>>>

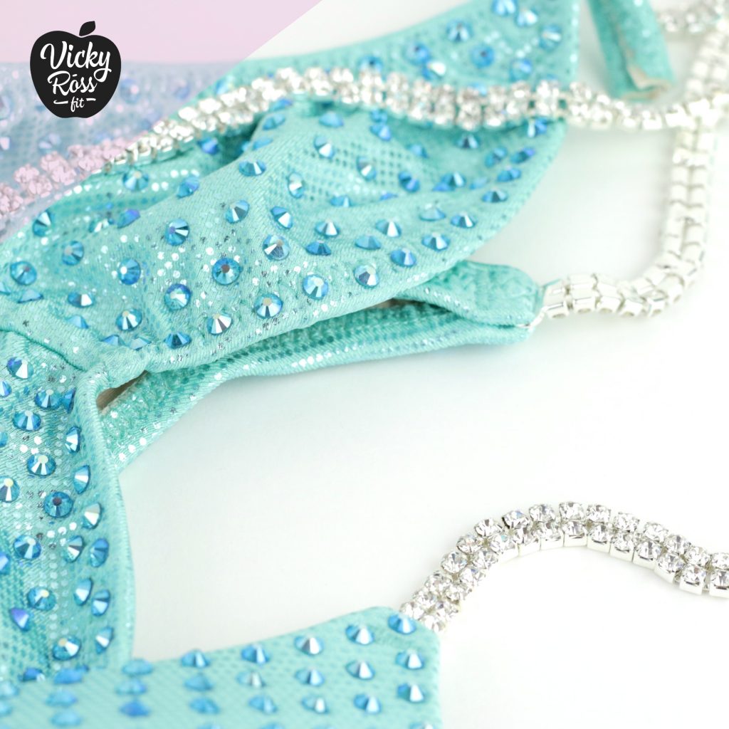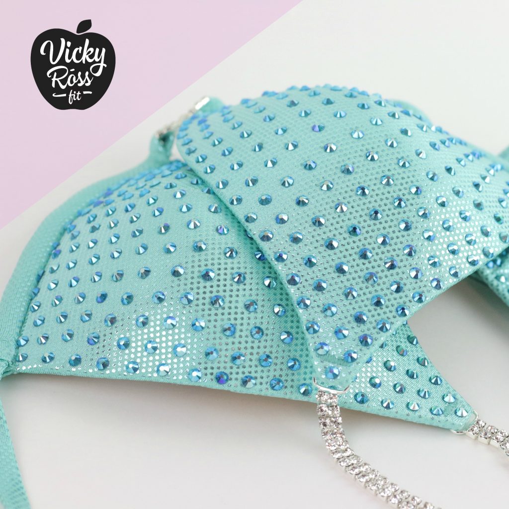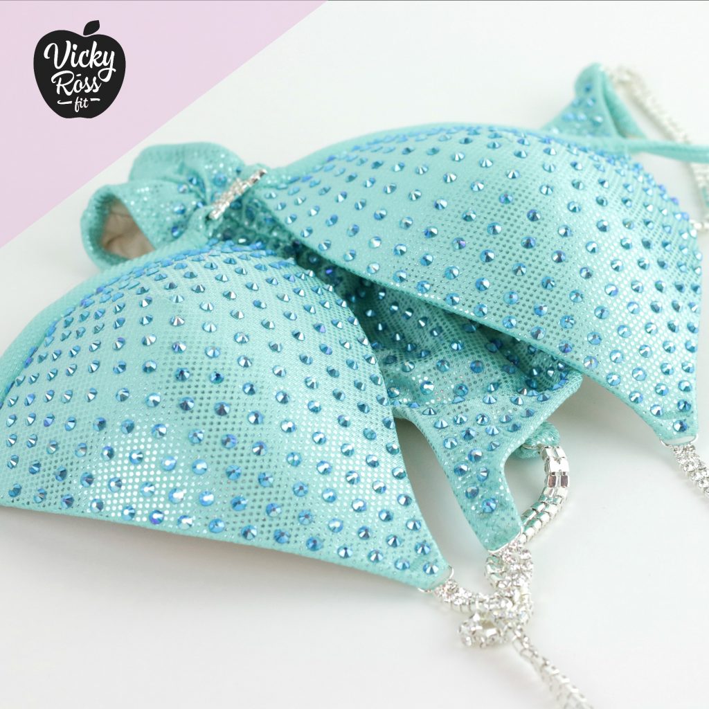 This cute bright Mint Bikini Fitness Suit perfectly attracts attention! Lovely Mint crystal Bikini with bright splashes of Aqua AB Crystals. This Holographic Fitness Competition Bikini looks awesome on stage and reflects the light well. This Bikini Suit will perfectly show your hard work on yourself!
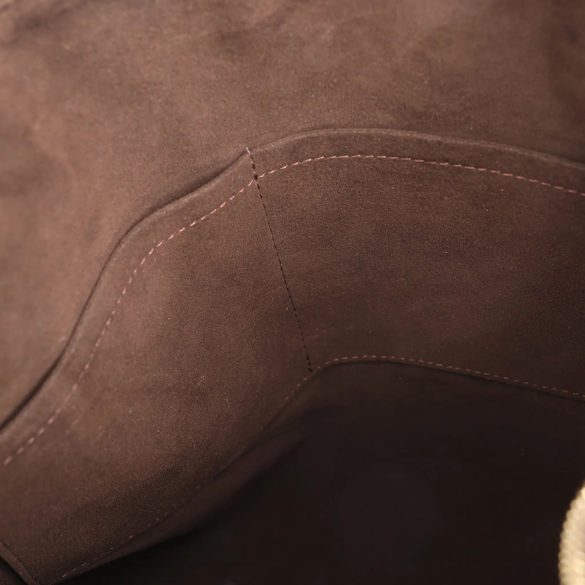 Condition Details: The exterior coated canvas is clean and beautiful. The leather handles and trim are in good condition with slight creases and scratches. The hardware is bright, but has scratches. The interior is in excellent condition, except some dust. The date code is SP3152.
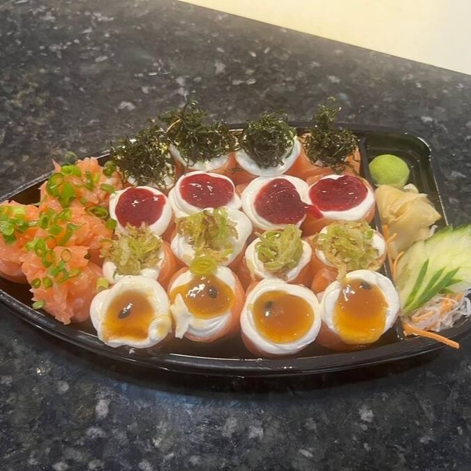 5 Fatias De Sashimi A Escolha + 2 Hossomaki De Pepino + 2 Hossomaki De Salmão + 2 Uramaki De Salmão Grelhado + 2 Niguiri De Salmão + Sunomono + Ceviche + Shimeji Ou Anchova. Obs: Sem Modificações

<<<

TASK REQUIREMENTS
Leaving all pictures aside, print exactly the lines from the one that contains "Condition Details: The" through the last line of the data above, inclusive.

THE ANSWER
 Condition Details: The exterior coated canvas is clean and beautiful. The leather handles and trim are in good condition with slight creases and scratches. The hardware is bright, but has scratches. The interior is in excellent condition, except some dust. The date code is SP3152.
 5 Fatias De Sashimi A Escolha + 2 Hossomaki De Pepino + 2 Hossomaki De Salmão + 2 Uramaki De Salmão Grelhado + 2 Niguiri De Salmão + Sunomono + Ceviche + Shimeji Ou Anchova. Obs: Sem Modificações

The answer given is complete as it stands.